The full listing, written out exactly and without images, is the expected result.
==========
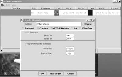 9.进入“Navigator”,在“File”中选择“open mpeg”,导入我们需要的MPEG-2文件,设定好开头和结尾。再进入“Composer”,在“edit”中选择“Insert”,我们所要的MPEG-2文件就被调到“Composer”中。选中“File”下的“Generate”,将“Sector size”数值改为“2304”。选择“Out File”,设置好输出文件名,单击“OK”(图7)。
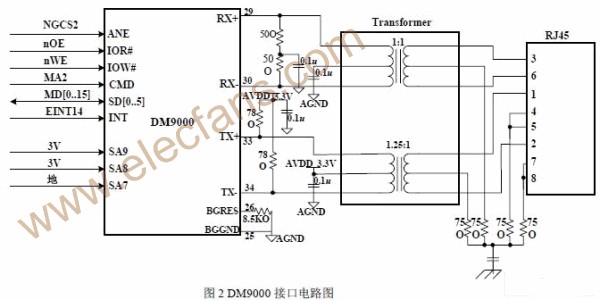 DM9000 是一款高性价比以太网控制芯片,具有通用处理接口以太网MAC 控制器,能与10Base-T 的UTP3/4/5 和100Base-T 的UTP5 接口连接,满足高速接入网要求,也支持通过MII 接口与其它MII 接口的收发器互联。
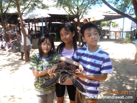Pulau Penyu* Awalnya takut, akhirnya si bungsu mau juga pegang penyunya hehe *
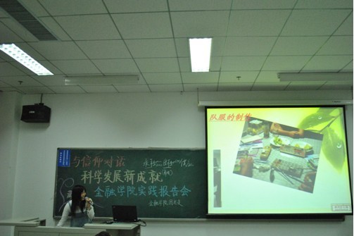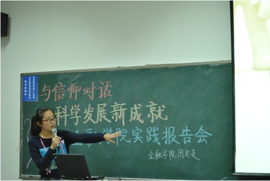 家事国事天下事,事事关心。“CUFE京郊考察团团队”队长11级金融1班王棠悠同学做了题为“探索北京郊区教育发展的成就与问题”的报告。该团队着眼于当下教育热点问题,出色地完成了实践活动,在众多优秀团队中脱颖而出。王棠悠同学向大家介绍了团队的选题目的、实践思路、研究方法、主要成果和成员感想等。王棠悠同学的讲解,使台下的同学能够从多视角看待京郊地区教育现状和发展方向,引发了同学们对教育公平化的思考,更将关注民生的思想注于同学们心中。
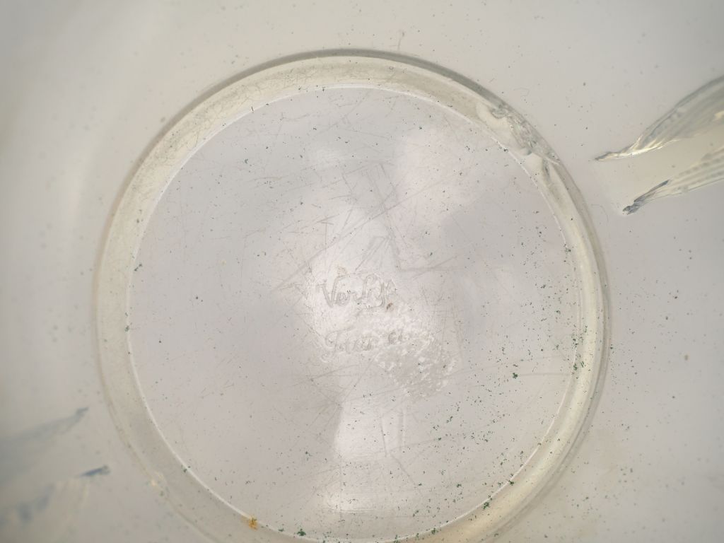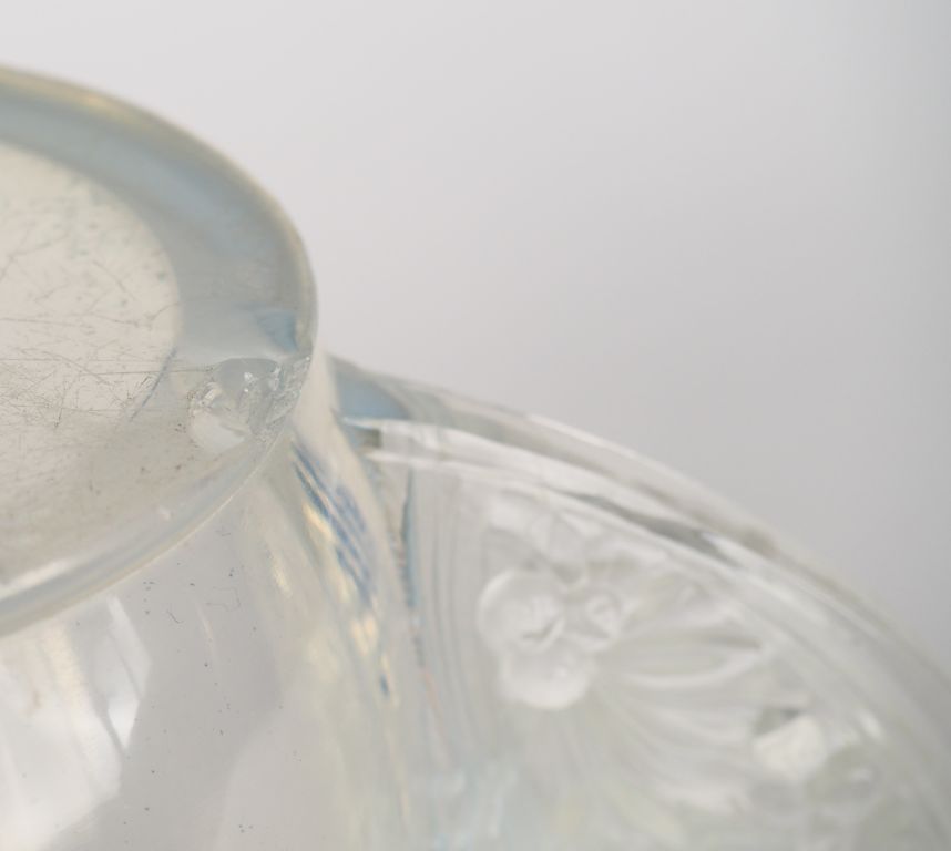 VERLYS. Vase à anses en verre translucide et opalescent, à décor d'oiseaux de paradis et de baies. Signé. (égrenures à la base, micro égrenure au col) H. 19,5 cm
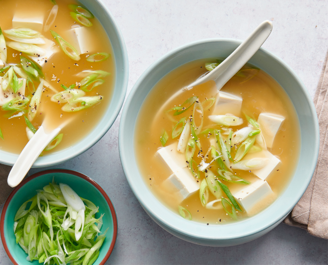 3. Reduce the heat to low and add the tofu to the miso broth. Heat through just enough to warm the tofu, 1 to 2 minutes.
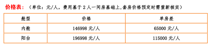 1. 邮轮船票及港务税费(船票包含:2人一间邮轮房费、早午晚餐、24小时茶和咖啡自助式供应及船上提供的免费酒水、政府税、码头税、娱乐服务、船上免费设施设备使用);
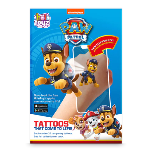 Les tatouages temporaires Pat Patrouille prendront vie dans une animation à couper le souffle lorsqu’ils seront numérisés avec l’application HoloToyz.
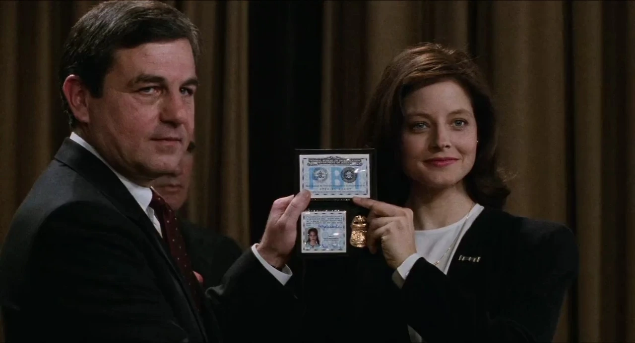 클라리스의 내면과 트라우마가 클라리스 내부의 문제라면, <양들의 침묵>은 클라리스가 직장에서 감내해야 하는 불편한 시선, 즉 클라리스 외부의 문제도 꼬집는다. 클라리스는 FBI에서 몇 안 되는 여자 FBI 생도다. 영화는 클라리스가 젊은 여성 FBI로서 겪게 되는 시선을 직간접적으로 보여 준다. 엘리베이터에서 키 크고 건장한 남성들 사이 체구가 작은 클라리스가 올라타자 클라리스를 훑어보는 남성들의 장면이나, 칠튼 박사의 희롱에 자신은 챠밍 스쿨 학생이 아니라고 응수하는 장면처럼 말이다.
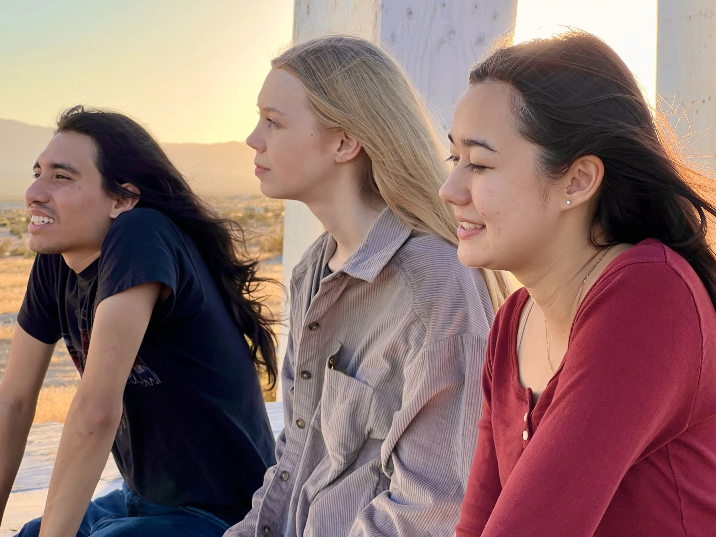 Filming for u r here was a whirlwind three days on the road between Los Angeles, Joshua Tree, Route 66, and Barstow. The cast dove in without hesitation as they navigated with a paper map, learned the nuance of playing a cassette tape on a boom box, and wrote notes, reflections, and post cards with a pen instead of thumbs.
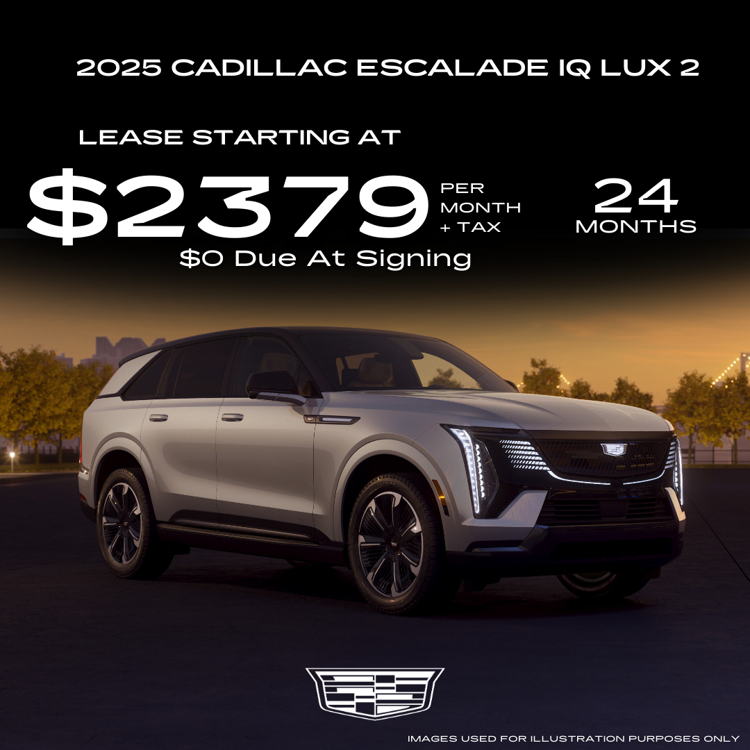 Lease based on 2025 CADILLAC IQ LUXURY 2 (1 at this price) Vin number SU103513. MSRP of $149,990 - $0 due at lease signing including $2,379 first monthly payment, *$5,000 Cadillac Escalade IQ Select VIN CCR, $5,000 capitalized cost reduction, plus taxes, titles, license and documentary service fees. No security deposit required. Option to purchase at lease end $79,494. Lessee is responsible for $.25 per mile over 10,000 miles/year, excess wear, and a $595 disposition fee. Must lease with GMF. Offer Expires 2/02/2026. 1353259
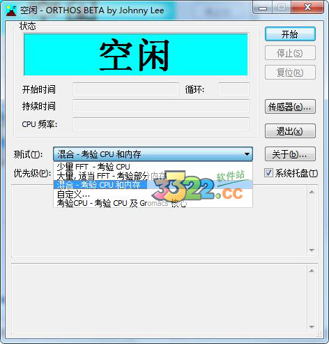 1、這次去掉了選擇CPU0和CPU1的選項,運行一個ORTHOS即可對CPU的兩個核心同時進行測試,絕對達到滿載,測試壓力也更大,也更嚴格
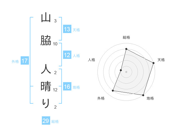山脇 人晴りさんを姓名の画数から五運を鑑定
==========
» **RESULT OF THIS EXERCISE**:
 9.进入“Navigator”,在“File”中选择“open mpeg”,导入我们需要的MPEG-2文件,设定好开头和结尾。再进入“Composer”,在“edit”中选择“Insert”,我们所要的MPEG-2文件就被调到“Composer”中。选中“File”下的“Generate”,将“Sector size”数值改为“2304”。选择“Out File”,设置好输出文件名,单击“OK”(图7)。
 DM9000 是一款高性价比以太网控制芯片,具有通用处理接口以太网MAC 控制器,能与10Base-T 的UTP3/4/5 和100Base-T 的UTP5 接口连接,满足高速接入网要求,也支持通过MII 接口与其它MII 接口的收发器互联。
Pulau Penyu* Awalnya takut, akhirnya si bungsu mau juga pegang penyunya hehe *
 家事国事天下事,事事关心。“CUFE京郊考察团团队”队长11级金融1班王棠悠同学做了题为“探索北京郊区教育发展的成就与问题”的报告。该团队着眼于当下教育热点问题,出色地完成了实践活动,在众多优秀团队中脱颖而出。王棠悠同学向大家介绍了团队的选题目的、实践思路、研究方法、主要成果和成员感想等。王棠悠同学的讲解,使台下的同学能够从多视角看待京郊地区教育现状和发展方向,引发了同学们对教育公平化的思考,更将关注民生的思想注于同学们心中。
 VERLYS. Vase à anses en verre translucide et opalescent, à décor d'oiseaux de paradis et de baies. Signé. (égrenures à la base, micro égrenure au col) H. 19,5 cm
 3. Reduce the heat to low and add the tofu to the miso broth. Heat through just enough to warm the tofu, 1 to 2 minutes.
 1. 邮轮船票及港务税费(船票包含:2人一间邮轮房费、早午晚餐、24小时茶和咖啡自助式供应及船上提供的免费酒水、政府税、码头税、娱乐服务、船上免费设施设备使用);
 Les tatouages temporaires Pat Patrouille prendront vie dans une animation à couper le souffle lorsqu’ils seront numérisés avec l’application HoloToyz.
 클라리스의 내면과 트라우마가 클라리스 내부의 문제라면, <양들의 침묵>은 클라리스가 직장에서 감내해야 하는 불편한 시선, 즉 클라리스 외부의 문제도 꼬집는다. 클라리스는 FBI에서 몇 안 되는 여자 FBI 생도다. 영화는 클라리스가 젊은 여성 FBI로서 겪게 되는 시선을 직간접적으로 보여 준다. 엘리베이터에서 키 크고 건장한 남성들 사이 체구가 작은 클라리스가 올라타자 클라리스를 훑어보는 남성들의 장면이나, 칠튼 박사의 희롱에 자신은 챠밍 스쿨 학생이 아니라고 응수하는 장면처럼 말이다.
 Filming for u r here was a whirlwind three days on the road between Los Angeles, Joshua Tree, Route 66, and Barstow. The cast dove in without hesitation as they navigated with a paper map, learned the nuance of playing a cassette tape on a boom box, and wrote notes, reflections, and post cards with a pen instead of thumbs.
 Lease based on 2025 CADILLAC IQ LUXURY 2 (1 at this price) Vin number SU103513. MSRP of $149,990 - $0 due at lease signing including $2,379 first monthly payment, *$5,000 Cadillac Escalade IQ Select VIN CCR, $5,000 capitalized cost reduction, plus taxes, titles, license and documentary service fees. No security deposit required. Option to purchase at lease end $79,494. Lessee is responsible for $.25 per mile over 10,000 miles/year, excess wear, and a $595 disposition fee. Must lease with GMF. Offer Expires 2/02/2026. 1353259
 1、這次去掉了選擇CPU0和CPU1的選項,運行一個ORTHOS即可對CPU的兩個核心同時進行測試,絕對達到滿載,測試壓力也更大,也更嚴格
山脇 人晴りさんを姓名の画数から五運を鑑定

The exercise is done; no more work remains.